METHODS
Sample collection
The questing ticks were collected by the flagging method, and blood-sucking ticks were collected from cattle in Shulan. These ticks were identified to species as described elsewhere (Deng, 1978; Shao, Zhang, Li, Huang, & Yan, 2020). Every 10 ticks were pooled into a 1.5 mL Eppendorf tube according to the collection sites and species and stored at -80°C until use.
RNA library construction and sequencing
After washing with 75% ethanol and RNA/DNA-free water, pooled ticks in tubes were added with 800 μL Dulbecco’s modified Eagle’s minimum essential medium (DMEM) and two stainless steel beads (3 mm diameter), and crushed using the Tissuelyser (Jingxin, Shanghai, China) at 70 Hz for 2 min. The lysates were centrifuged at 12000 rpm for 10 min at 4 °C, and the supernatant was further pooled for library construction according to the collection sites and species (Supplementary Table S1). After digested with micrococcal nuclease (NEB, USA) in 37 °C for 2 h, the pooled samples were used for viral RNA extraction with the TIANamp Virus RNA kit (TIANGEN, Beijing, China).
The extracted RNA was subjected to metagenomic sequencing at Tanpu Biological Technology Co., LTD (Shanghai, China). Briefly, the RNA from each pool was used for library preparation with the NEBNext® UltraTM RNA Library Prep Kit for Illumina® (NEB, USA) according to the manufacturer’s instructions. After adapter ligation, 10 cycles of PCR amplification were performed for target enrichment. The libraries were pooled at equal molar ratio, denatured and diluted to optimal concentration, and sequenced with an Illumina NovaSeq 6000 System.
Transcriptome analysis
Transcriptome analysis was conducted as described elsewhere (Gordon et al., 2020). Briefly, after trimming and removing low quality reads, the paired-raw reads were purified by removing ribosomal RNA, host contamination, and bacteria sequences using BBMap program (https://github.com/BioInfoTools/bbmap), and assembled into contigs with SPAdes v3.14.1 (https://github.com/abl ab/spades) and SOAPdenovo v2.04 (https://github.com/aquaskyline/SOAPdenovo-Trans) (Prjibelski, Antipov, Meleshko, Lapidus, & Korobeynikov, 2020; Xie et al., 2014). After being compared with the nonredundant nucleotide (nt) and protein (nr) database downloaded from GenBank using BLAST+ v2.10.0, the assembled contigs were filtered to remove the host and bacterial sequences. The relative abundance of the identified viruses was determined by mapping the reads back to the assembled contigs using Bowtie2 v2.3.3.1.

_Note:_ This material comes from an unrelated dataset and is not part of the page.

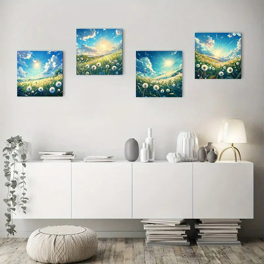 4pcs Dandelion Sunrise Landscape Wall Art Canvas Framed

Viral genome confirmation and annotation
The assembled contigs were compared with NCBI nucleotide and viral refseq database using BLAST (V2.10.0+), and used as a reference for designing specific primers to confirm and analyze the sequences of terminal ends, using the nested reverse transcription-polymerase chain reaction (RT-PCR) and the rapid amplification of cDNA ends (RACE) as described elsewhere (Ma et al., 2021; Y. C. Wang et al., 2021). Detailed information on the primers for the detection or whole genome amplification are shown in Supplementary Table S2. Potential open reading frames (ORFs) in the viral sequences were predicted using ORFfinder (https://www.ncbi.nlm.nih.gov/ orffinder/).
Virus classification
All the viruses identified in this study were classified according to the latest International Committee on Taxonomy of Viruses (ICTV) report of virus taxonomy (https://talk.ictvonline.org/ictvreports/ictv_online_report/). A novel viral species should be satisfied with one of the following conditions as described before (Xu et al., 2021). namely, (i) <80% nucleotide (nt) identity across the complete genome; or (ii) <90% amino acid (aa) identity of the RNA-dependent RNA polymerase (RdRp) domain with the known viruses. All novel viruses were named as the collection sites that the virus was first identified, followed by common viral names according to their taxonomy. All the viral strains would be marked with ‘Northeatern (NE)’ to distinguish them from the virus strains identified in other studies.
Phylogenetic analyses
To confirm the phylogenetic relationships of the viruses discovered in this study, representative reference viral sequences were retrieved from the GenBank database (Supplementary Table S3), and aligned using ClustalW available within MEGA 7.0. Phylogenetic analyses were conducted with the aligned sequences using the maximum-likelihood method in MEGA version 7.0 with the best-fit substitution model for each alignment (Kumar, Stecher, & Tamura, 2016). A bootstrapping analysis of 1000 replicates were conducted in the analysis, and the bootstrap values more than 70 were shown in the trees.